- _Assignment_
In your copy of the data below, reproduce every entry exactly and omit the pictures.

---- Given entries

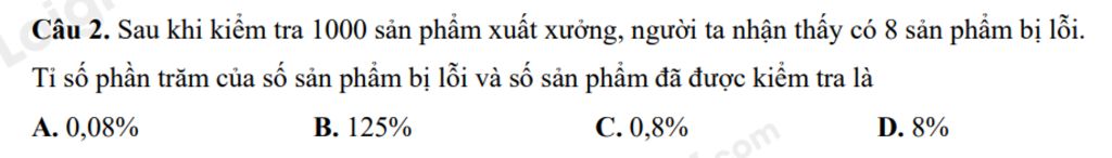 Sau khi kiểm tra 1000 sản phẩm xuất xưởng, người ta nhận thấy có 8 sản phẩm bị lỗi. Tỉ số phần trăm của số sản phẩm bị lỗi và số sản phẩm đã được kiểm tra là A. 0,08% B. 125% C. 0,8% D. 8%
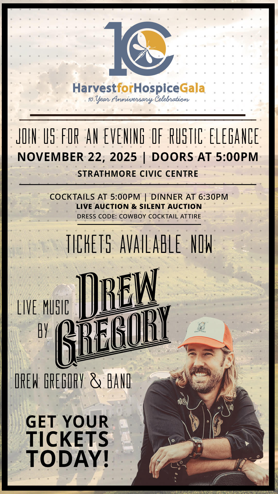 Join us for an evening of rustic elegance as we celebrate 10 years of expanding palliative and hospice services in Wheatland County.
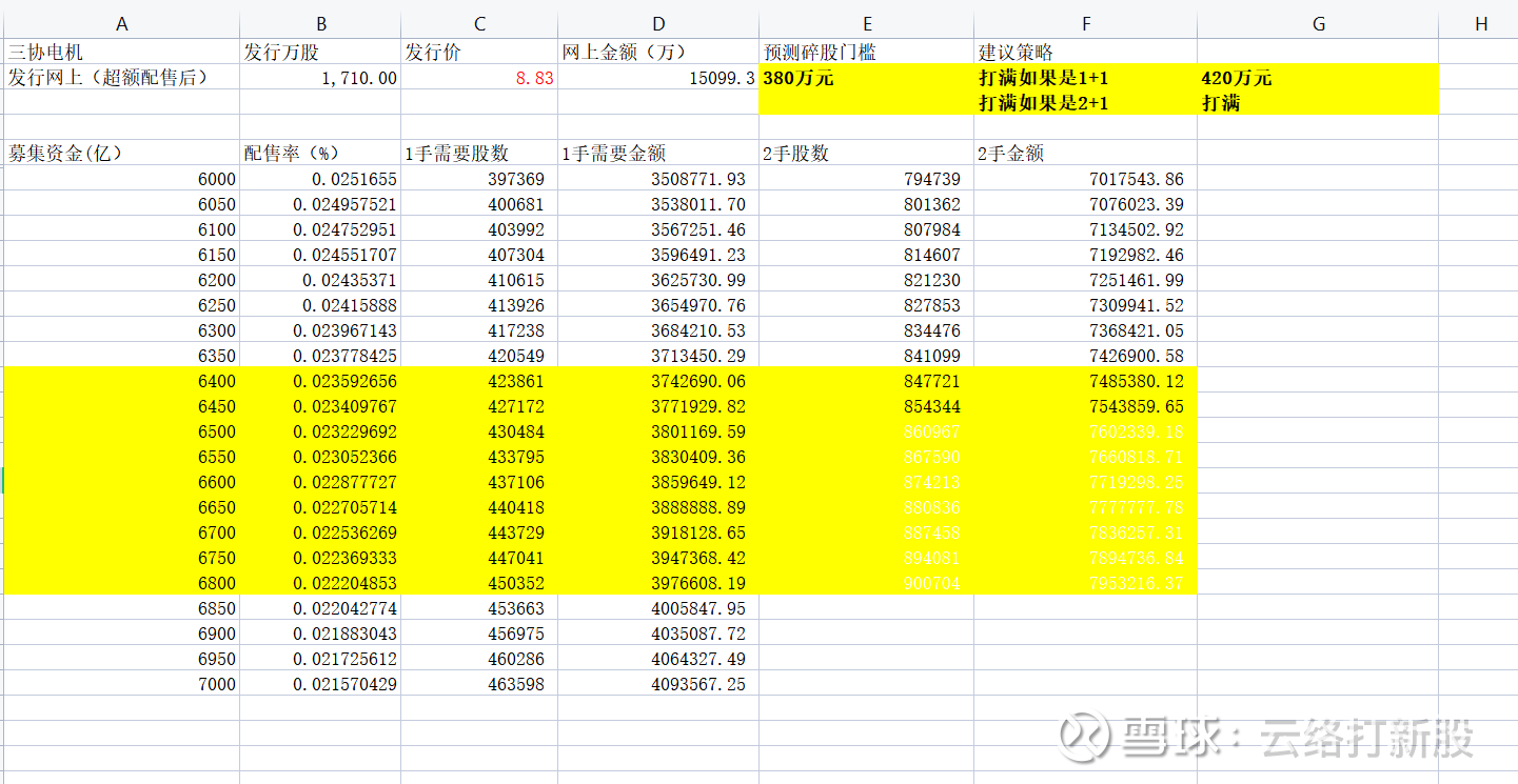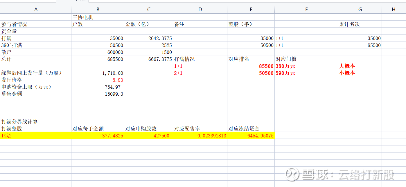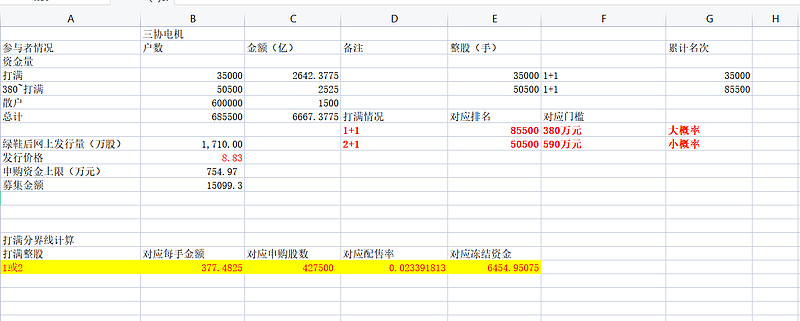 三协电机如果按照8.83元,1800万股发行量计算,初步结果如下:
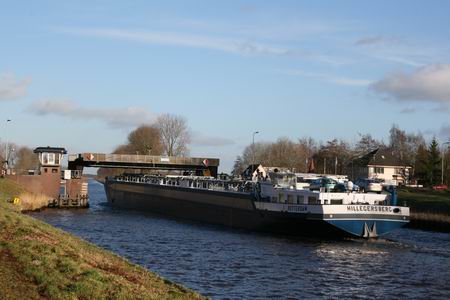 Foto van dezelfde situatie. In beeld de verkeersbrug, een forse binnenvaarder doorlatend. Op de achtergrond geen kerk meer, de lager geplaatste torenspits is na enig zoeken te traceren. De pastorie is van kleur veranderd en wordt nu particulier bewoond
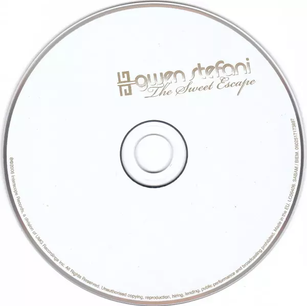 Gwen Stefani: The Sweet Escape verze na CD v standardní edici. Toto konkrétní vydání vyšlo v Evropě ve vydavatelství Interscope Records dne 5. prosince 2006. Album zasahuje do žánrů Rock, Pop, Elektronická hudba, Funk / Soul, Hip Hop, Pop Rock, Pop Rap a Contemporary R&B. Super Jewel Box.
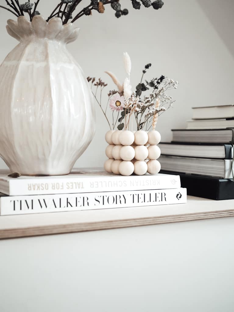 Jetzt noch ein paar hübsche Trockenblumen hineinstecken und fertig ist Deine Holzvase!
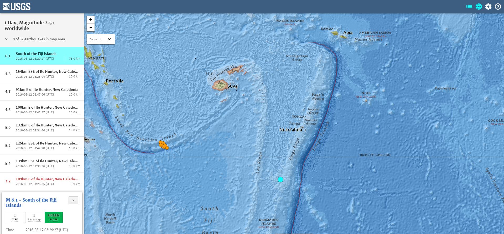 Ισχυρός σεισμός μεγέθους 6,1 βαθμών της κλίμακας Ρίχτερ έγινε σε απόσταση 460 χλμ., νοτιοδυτικά του νησιού-κράτους Τόνγκα, στο νότιο Ειρηνικό, σήμερα το πρωί, σύμφωνα με το Γεωλογικό Ινστιτούτο των ΗΠΑ.
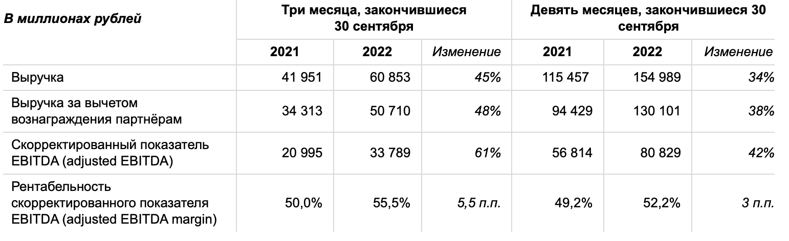 Товарооборот на сервисах электронной коммерции («Маркет», «Лавка» в России и доставка продуктов в «Еде») в третьем квартале вырос на 73% по сравнению с аналогичным показателем за третий квартал прошлого года, составив 72,5 млрд руб. За девять месяцев показатель увеличился почти в два раза и достиг 195,6 млрд руб. Delivery Club стал частью бизнеса «Яндекс» 8 сентября 2022 года. Показатели сервиса отражены в отчётности «Яндекса» только с даты закрытия сделки.
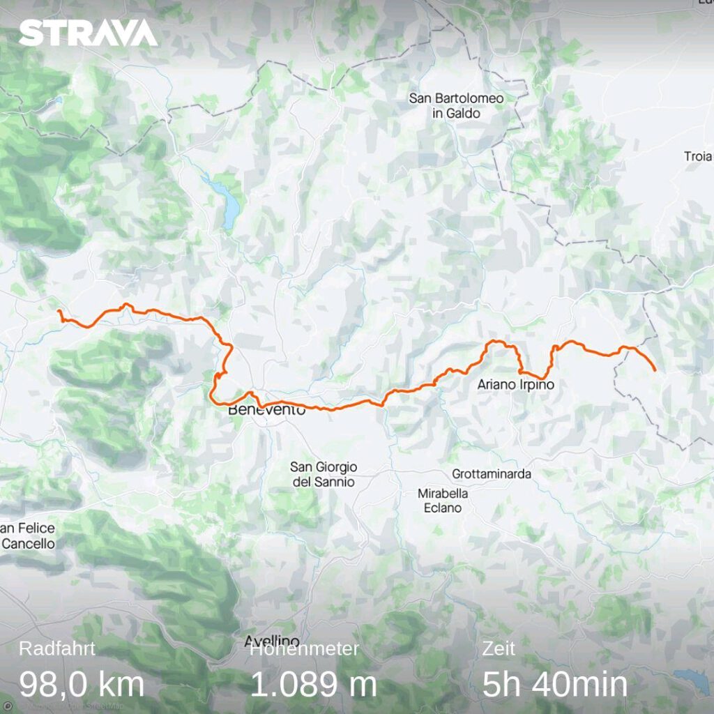 Hier war meine einzige Sorge eigentlich nur die Überhitzung der Bremsen. Danach begann es dann bald wieder zu regnen, und mein Weg führte mich durch Benevento.
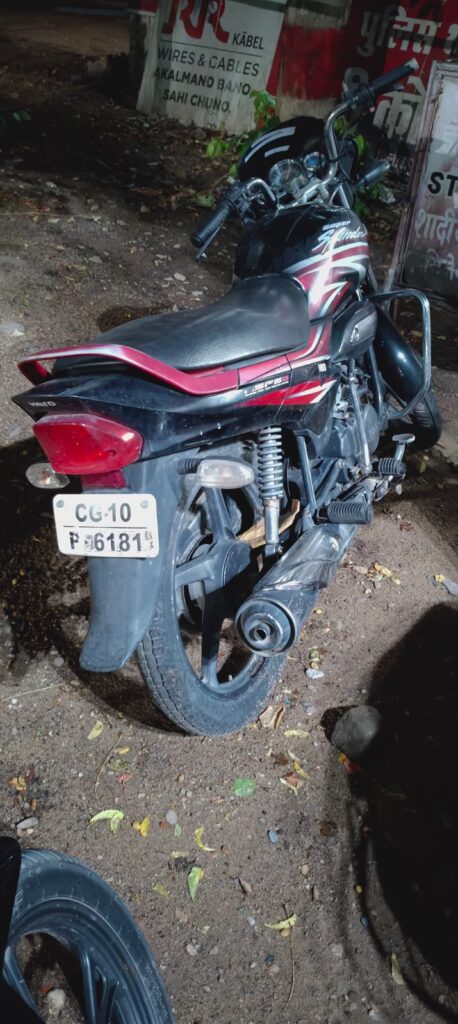 छ.ग ने दिनाक 17.05.25 की थाना सिटी कोतवाली में रिपोर्ट दर्ज कराया कि दिनांक 16.05.25 को अपनी मोटर सायकल सुपर स्प्लेण्डर CG1B/P 6181 को अपने घर के बाहर रोज की तरह रात्रि करीब 11.00 बजे खड़ी कर घर के अंदर चला गया था जो सुबह 08.00 बजे तो देख की मोटर सायकल को किसी अज्ञात व्यक्ति द्वारा चोरी कर लिया है प्रार्थी की रिपोर्ट पर थाना सिटी कोतकली में अप क -272/25 घाया 303(2) बीएनएस का अपराध पंजीबद्ध कर विवेचना में लिया गया था प्रकरण में माल मशरूका की लगातार पतासाजी की जा रही थी श्रीमान वरिष्ठ पुलिस अधीक्षक महोदय श्री रजनेश सिंह ( भापुसे) अति पुलिस अधीक्षक (शहर) श्री राजेन्द्र जायसवाल एवं नगर पुलिस अधीक्षक श्री अक्षय प्रमोद साबदा (भापुसे) के द्वारा चोरी के प्रकरणों में गंभीरता से पतासाजी कर कार्यवाही करने के निर्देश पर थाना सिटी कोतवाली पुलिस द्वारा मुखबीर की सूचना के आधार पर दबिश देकर आरोपी रोशन गिरी गोस्वामी को अभिरक्षा में लेकर पुछताछ किया गया जो प्रकरण की मशरूका मोटर सायकल सुपर स्लेण्डर कमांक- CG10/P 6181 को चोरी कर उपयोग करना एवं मोटर सायकल को जैन लस्सी के पीछे पुराना जगात मील के खण्डहर में छुपा कर रखाना बताया आरोपी से मोटर सायकल सुपर स्लेण्डर कमांक-CG10/P 6181 को जप्त कर आरोपी को दिनांक 14.06.25 को विधिवत गिरफ्तार कर न्यायिक रिमाण्ड पर जेल भेजा गया है।
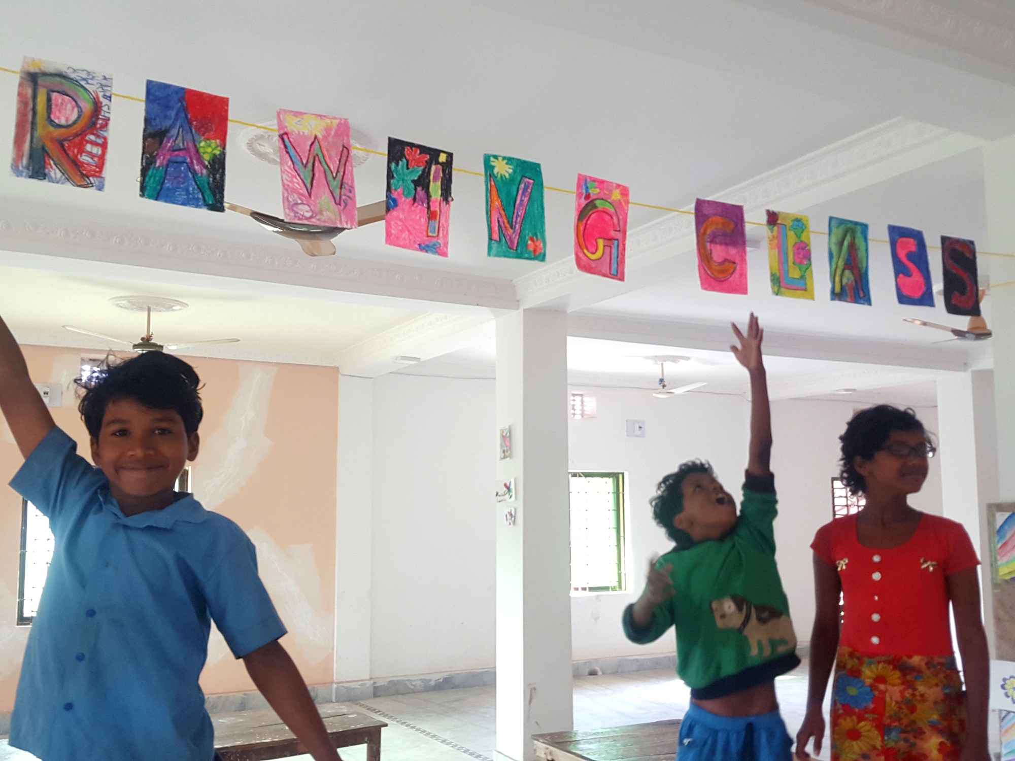 Ma il taxista, per errore di google maps, mi lascia di fronte ad un negozio di cancelleria per la scuola. Certamente un segno. Il paradiso per me. Ed anche per il proprietario del negozio perché, dopo aver passato un tempo infinito a cercare e scegliere articoli estrapolandoli dal caos e dalla polvere indiana, sono uscita dal negozio con due borse belle cariche di materiale da disegno e colori.

--------

- _Task answer_
 Sau khi kiểm tra 1000 sản phẩm xuất xưởng, người ta nhận thấy có 8 sản phẩm bị lỗi. Tỉ số phần trăm của số sản phẩm bị lỗi và số sản phẩm đã được kiểm tra là A. 0,08% B. 125% C. 0,8% D. 8%
 Join us for an evening of rustic elegance as we celebrate 10 years of expanding palliative and hospice services in Wheatland County.
 三协电机如果按照8.83元,1800万股发行量计算,初步结果如下:
 Foto van dezelfde situatie. In beeld de verkeersbrug, een forse binnenvaarder doorlatend. Op de achtergrond geen kerk meer, de lager geplaatste torenspits is na enig zoeken te traceren. De pastorie is van kleur veranderd en wordt nu particulier bewoond
 Gwen Stefani: The Sweet Escape verze na CD v standardní edici. Toto konkrétní vydání vyšlo v Evropě ve vydavatelství Interscope Records dne 5. prosince 2006. Album zasahuje do žánrů Rock, Pop, Elektronická hudba, Funk / Soul, Hip Hop, Pop Rock, Pop Rap a Contemporary R&B. Super Jewel Box.
 Jetzt noch ein paar hübsche Trockenblumen hineinstecken und fertig ist Deine Holzvase!
 Ισχυρός σεισμός μεγέθους 6,1 βαθμών της κλίμακας Ρίχτερ έγινε σε απόσταση 460 χλμ., νοτιοδυτικά του νησιού-κράτους Τόνγκα, στο νότιο Ειρηνικό, σήμερα το πρωί, σύμφωνα με το Γεωλογικό Ινστιτούτο των ΗΠΑ.
 Товарооборот на сервисах электронной коммерции («Маркет», «Лавка» в России и доставка продуктов в «Еде») в третьем квартале вырос на 73% по сравнению с аналогичным показателем за третий квартал прошлого года, составив 72,5 млрд руб. За девять месяцев показатель увеличился почти в два раза и достиг 195,6 млрд руб. Delivery Club стал частью бизнеса «Яндекс» 8 сентября 2022 года. Показатели сервиса отражены в отчётности «Яндекса» только с даты закрытия сделки.
 Hier war meine einzige Sorge eigentlich nur die Überhitzung der Bremsen. Danach begann es dann bald wieder zu regnen, und mein Weg führte mich durch Benevento.
 छ.ग ने दिनाक 17.05.25 की थाना सिटी कोतवाली में रिपोर्ट दर्ज कराया कि दिनांक 16.05.25 को अपनी मोटर सायकल सुपर स्प्लेण्डर CG1B/P 6181 को अपने घर के बाहर रोज की तरह रात्रि करीब 11.00 बजे खड़ी कर घर के अंदर चला गया था जो सुबह 08.00 बजे तो देख की मोटर सायकल को किसी अज्ञात व्यक्ति द्वारा चोरी कर लिया है प्रार्थी की रिपोर्ट पर थाना सिटी कोतकली में अप क -272/25 घाया 303(2) बीएनएस का अपराध पंजीबद्ध कर विवेचना में लिया गया था प्रकरण में माल मशरूका की लगातार पतासाजी की जा रही थी श्रीमान वरिष्ठ पुलिस अधीक्षक महोदय श्री रजनेश सिंह ( भापुसे) अति पुलिस अधीक्षक (शहर) श्री राजेन्द्र जायसवाल एवं नगर पुलिस अधीक्षक श्री अक्षय प्रमोद साबदा (भापुसे) के द्वारा चोरी के प्रकरणों में गंभीरता से पतासाजी कर कार्यवाही करने के निर्देश पर थाना सिटी कोतवाली पुलिस द्वारा मुखबीर की सूचना के आधार पर दबिश देकर आरोपी रोशन गिरी गोस्वामी को अभिरक्षा में लेकर पुछताछ किया गया जो प्रकरण की मशरूका मोटर सायकल सुपर स्लेण्डर कमांक- CG10/P 6181 को चोरी कर उपयोग करना एवं मोटर सायकल को जैन लस्सी के पीछे पुराना जगात मील के खण्डहर में छुपा कर रखाना बताया आरोपी से मोटर सायकल सुपर स्लेण्डर कमांक-CG10/P 6181 को जप्त कर आरोपी को दिनांक 14.06.25 को विधिवत गिरफ्तार कर न्यायिक रिमाण्ड पर जेल भेजा गया है।
 Ma il taxista, per errore di google maps, mi lascia di fronte ad un negozio di cancelleria per la scuola. Certamente un segno. Il paradiso per me. Ed anche per il proprietario del negozio perché, dopo aver passato un tempo infinito a cercare e scegliere articoli estrapolandoli dal caos e dalla polvere indiana, sono uscita dal negozio con due borse belle cariche di materiale da disegno e colori.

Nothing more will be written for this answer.